И скакали вершники, и празднично ликовали в атласном небе колокола, и чудесно пахло в морозном воздухе пирогами, и тяжело переваливался возок с одного бока на другой по ухабам непомерным…
А в церкви кончился молебен. Все, уставшие и голодные, шаркая ногами, выходили на паперть. Гриша, всё в одной рубахе и босой, одних ласково приветствовал, на других хмурился и плевался. Захар Орлик, старый слуга Матвеева, глядя на своих боярынь ласковыми, собачьими глазами, заботливо усадил их в возок.
Наташа ничего не видела и не слышала. Она видела, почувствовала то впечатление, которое произвела она на государя. Конечно, он вдвое старше её, этот обложившийся жирком человек, и не о таком суженом мечтала она бессонными ночами, но, с другой стороны, ведь это Великий Государь, Царь и Великий Князь всеа Русии, Великие и Малые и Белые, Царь Казанский, Царь Астраханский, Царь Сибирский…
– Да что ты, Наталья?… Или в церкви угорела? – удивлённо обернулась к ней Евдокия Семёновна. – Что ей ни говори, она хоть бы слово тебе!..
– Прости меня, родимая… – спохватилась Наташа. – Задумалась я…
– Я говорю: придётся нам обедать, пожалуй, одним, без Артамон Сергеича. Сохрани Бог, не случилось бы чего с государыней…
…Великий Государь, Царь и Великий князь всеа Русии, Великие и Малые и Белые, Царь Казанский, Царь Астраханский, Царь Сибирский и прочая, и прочая, и прочая – ужас, голова кружится!..
Артамон Сергеевич заехал домой переодеться. Попутно заглянул в Азбуковник, словарь слов непонятных, нерусских. Но никакой катапетазмы там не было. Катапульт был, катастрофа, катаплазма были, а катапетазмы нету… Ох уж эти киевляне!.. Он сел торопливо в возок и приказал везти себя во дворец.
Вечером, в сумерки, могучие, редкие, унылые, поплыли над городом звуки колокола Ивана Великого: то была весть народу о преставлении великой государыни Марьи Ильинишны…

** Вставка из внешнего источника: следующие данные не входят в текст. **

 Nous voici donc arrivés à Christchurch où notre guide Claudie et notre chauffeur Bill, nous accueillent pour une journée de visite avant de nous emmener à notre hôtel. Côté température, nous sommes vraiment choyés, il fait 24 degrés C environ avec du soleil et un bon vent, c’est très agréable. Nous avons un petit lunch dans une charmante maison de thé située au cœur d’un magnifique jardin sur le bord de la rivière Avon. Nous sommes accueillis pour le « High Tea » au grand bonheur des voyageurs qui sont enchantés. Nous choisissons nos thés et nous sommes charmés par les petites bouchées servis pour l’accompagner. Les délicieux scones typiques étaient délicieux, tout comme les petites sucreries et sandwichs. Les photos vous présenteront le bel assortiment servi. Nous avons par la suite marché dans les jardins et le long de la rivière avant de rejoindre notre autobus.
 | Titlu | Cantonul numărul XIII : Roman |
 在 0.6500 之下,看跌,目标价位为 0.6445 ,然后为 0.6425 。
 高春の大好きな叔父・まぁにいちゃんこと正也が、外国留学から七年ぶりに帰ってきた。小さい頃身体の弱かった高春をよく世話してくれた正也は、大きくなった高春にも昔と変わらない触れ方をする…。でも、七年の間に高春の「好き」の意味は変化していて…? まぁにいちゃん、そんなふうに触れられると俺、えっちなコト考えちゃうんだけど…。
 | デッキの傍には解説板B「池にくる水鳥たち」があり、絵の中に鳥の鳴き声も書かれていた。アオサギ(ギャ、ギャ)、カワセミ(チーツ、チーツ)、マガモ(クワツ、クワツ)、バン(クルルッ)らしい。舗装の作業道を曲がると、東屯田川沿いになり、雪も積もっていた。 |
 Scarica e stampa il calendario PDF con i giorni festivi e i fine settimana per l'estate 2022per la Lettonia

XVIII. Христоименитое тишайшее царство Московское
У стрельцов сразу возникло затруднение: куда именно вести Тренку? Можно было вести его во дворец Казанский, который ведал делами царства Казанского и Астраханского, можно было вести его в приказ Посольский, который ведал сношениями с Доном, можно было вести его в приказ Разбойный, который чинил суд и расправу над разбойниками и татями, но было воскресенье, и все эти приказы были заперты. Оставалась только сыскная изба при Земском приказе, которая была открыта и в воскресенье. Туда по распоряжению стрелецкого головы и был направлен Тренка Замарай.

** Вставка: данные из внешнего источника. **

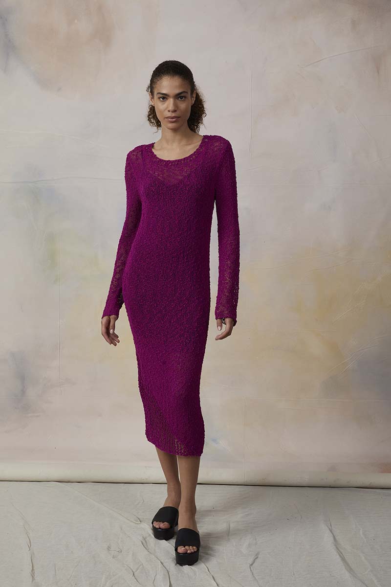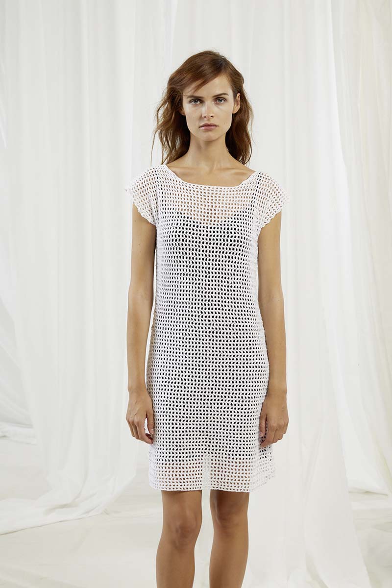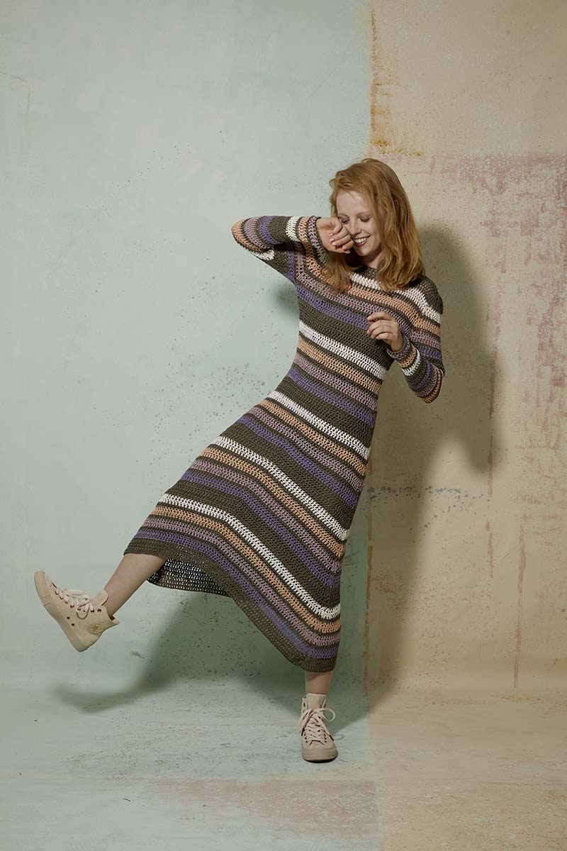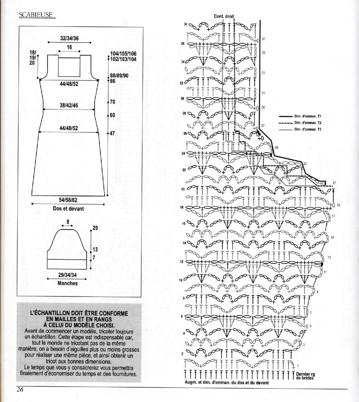 Cette robe, modèle Scabieuse d’Anny Blatt est crochetée en mailles serrées, brides, double brides et un point fantaisie. Elle mesure entre 104 et 106 cm selon la taille choisie.
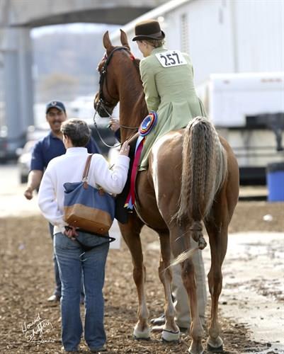 Jessica Wuestophen and CH-EQ Chantis Prayer at the UPHA American Royal with Mother Michelle Werry and step-father Glenn Werry after her number was called as the 2013 Saddleseat Equitation Triple Crown winner, winning the NHS Good Hands Finals, UPHA ...
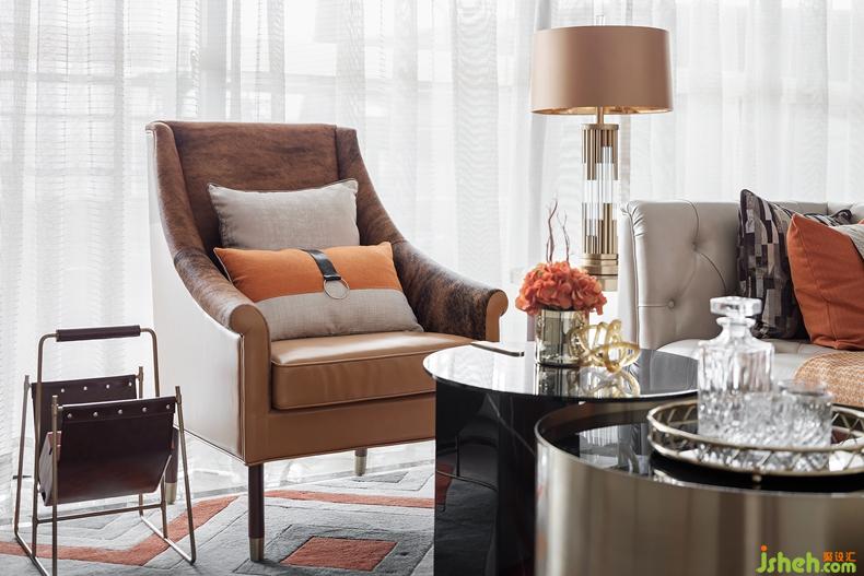 客廳重點突顯家具品質(zhì)在空間中的重要性,橙色的毛皮扶手椅是整個空間不安份的元素,造型舒展,仿佛向人發(fā)出邀請,落座瞬間,又有一種被溫暖環(huán)抱,擁有自己一片獨立私密的小天地的體驗??臻g以橙色為主色調(diào)開啟了“摩登”藝術(shù)之旅,由HERMES絲巾裝裱而成藝術(shù)掛畫流暢大氣,一抹橙色激活墻面的生活氣息,別致的家具也處處透著主人的身份與生活品質(zhì)。

Перед крыльцом сыскной избы стояли, позванивая кандалами, иззябшие синие колодники с запуганными глазами. Тренка трусил всё более и более и уже начал решительно сомневаться, так ли он поступил, как следовало. Стрельцы вкратце сказали какому-то жёлтому, высохшему приказному, в чём дело. Тот слушал и с явным недоверием и даже неодобрением поглядывал на Тренку. Это неодобрение относилось к неудачной и глупой попытке Тренки обмануть приказного, государеву слугу, такими вздорными побасками. И так как дело было уже известно самому великому государю, то жёлтый приказный, чтобы показать свое усердие, деловито скрылся куда-то и, скоро вернувшись, приказал стрельцам вести арестованного в допросную палату, где о нём напишут «сказку», то есть составят акт.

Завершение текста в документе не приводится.